ENTRIES SUPPLIED -

- - - - -

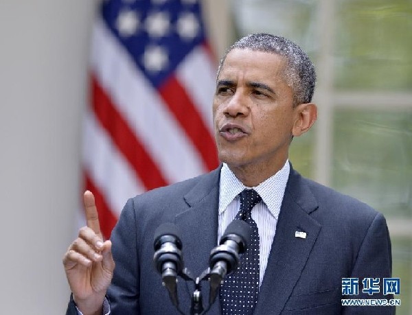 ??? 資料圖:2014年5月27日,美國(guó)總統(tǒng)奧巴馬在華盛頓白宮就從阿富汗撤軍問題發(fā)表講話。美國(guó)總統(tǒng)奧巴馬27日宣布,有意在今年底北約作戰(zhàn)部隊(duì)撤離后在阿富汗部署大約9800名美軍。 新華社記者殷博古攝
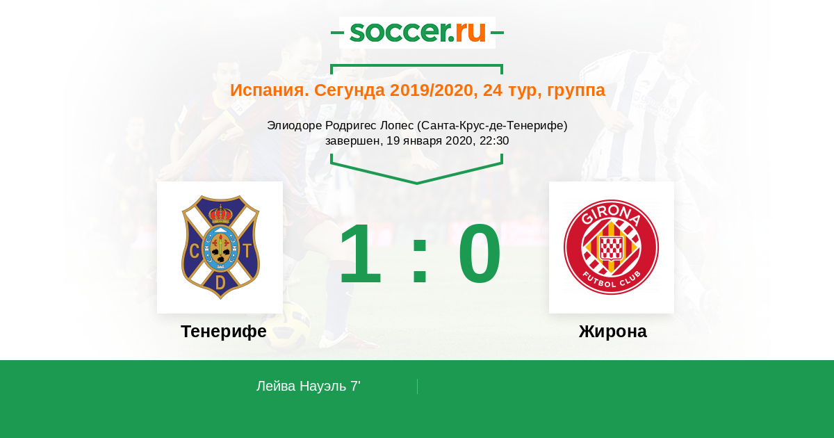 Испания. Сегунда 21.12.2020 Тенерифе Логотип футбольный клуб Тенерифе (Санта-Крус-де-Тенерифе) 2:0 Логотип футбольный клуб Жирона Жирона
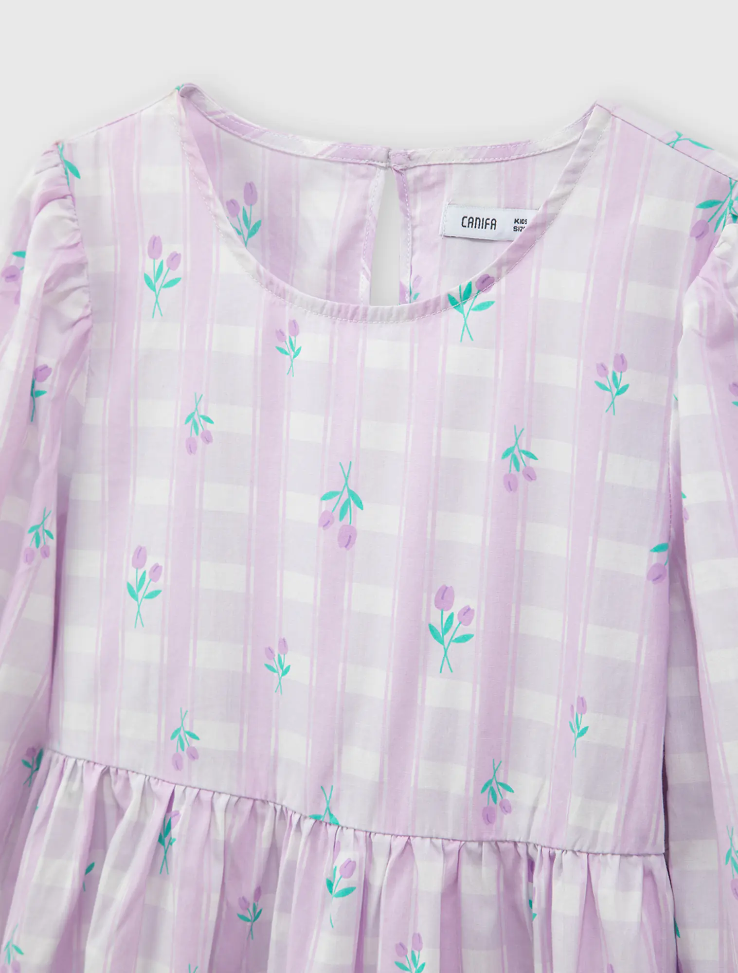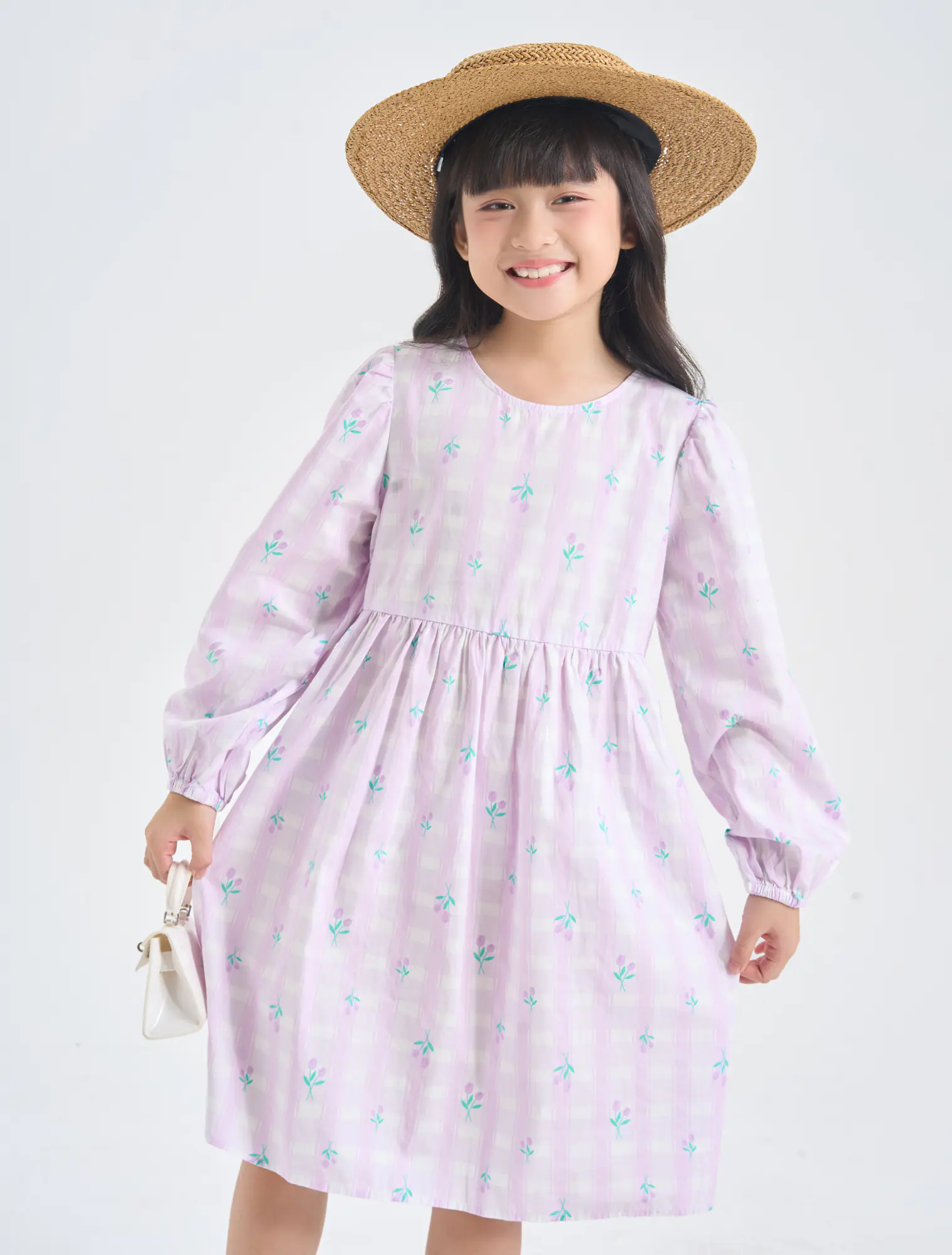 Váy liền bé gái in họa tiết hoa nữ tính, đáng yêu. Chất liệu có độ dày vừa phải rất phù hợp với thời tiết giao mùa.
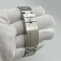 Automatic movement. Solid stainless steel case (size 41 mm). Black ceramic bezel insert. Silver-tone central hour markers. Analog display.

- - - - -

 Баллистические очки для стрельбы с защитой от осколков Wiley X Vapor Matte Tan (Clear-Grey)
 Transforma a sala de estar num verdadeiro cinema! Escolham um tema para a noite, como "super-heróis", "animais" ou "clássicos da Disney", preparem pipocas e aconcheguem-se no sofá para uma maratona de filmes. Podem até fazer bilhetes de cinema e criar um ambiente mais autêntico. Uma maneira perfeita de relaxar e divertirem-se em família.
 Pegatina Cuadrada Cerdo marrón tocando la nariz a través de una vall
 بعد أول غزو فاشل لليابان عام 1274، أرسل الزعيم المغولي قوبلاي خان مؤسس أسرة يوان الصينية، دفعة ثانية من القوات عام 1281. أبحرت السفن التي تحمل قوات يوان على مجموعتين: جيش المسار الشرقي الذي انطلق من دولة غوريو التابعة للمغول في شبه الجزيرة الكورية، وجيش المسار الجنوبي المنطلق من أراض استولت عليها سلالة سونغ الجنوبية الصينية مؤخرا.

- - - - -

DIRECTIONS - Repeat only the stretch of data above that runs from the line with "Испания. Сегунда 21.12.2020" to the line with "Váy liền bé". Keep both end lines; exclude pictures.

RESPONSE FOR THIS EXERCISE -
 Испания. Сегунда 21.12.2020 Тенерифе Логотип футбольный клуб Тенерифе (Санта-Крус-де-Тенерифе) 2:0 Логотип футбольный клуб Жирона Жирона
 Váy liền bé gái in họa tiết hoa nữ tính, đáng yêu. Chất liệu có độ dày vừa phải rất phù hợp với thời tiết giao mùa.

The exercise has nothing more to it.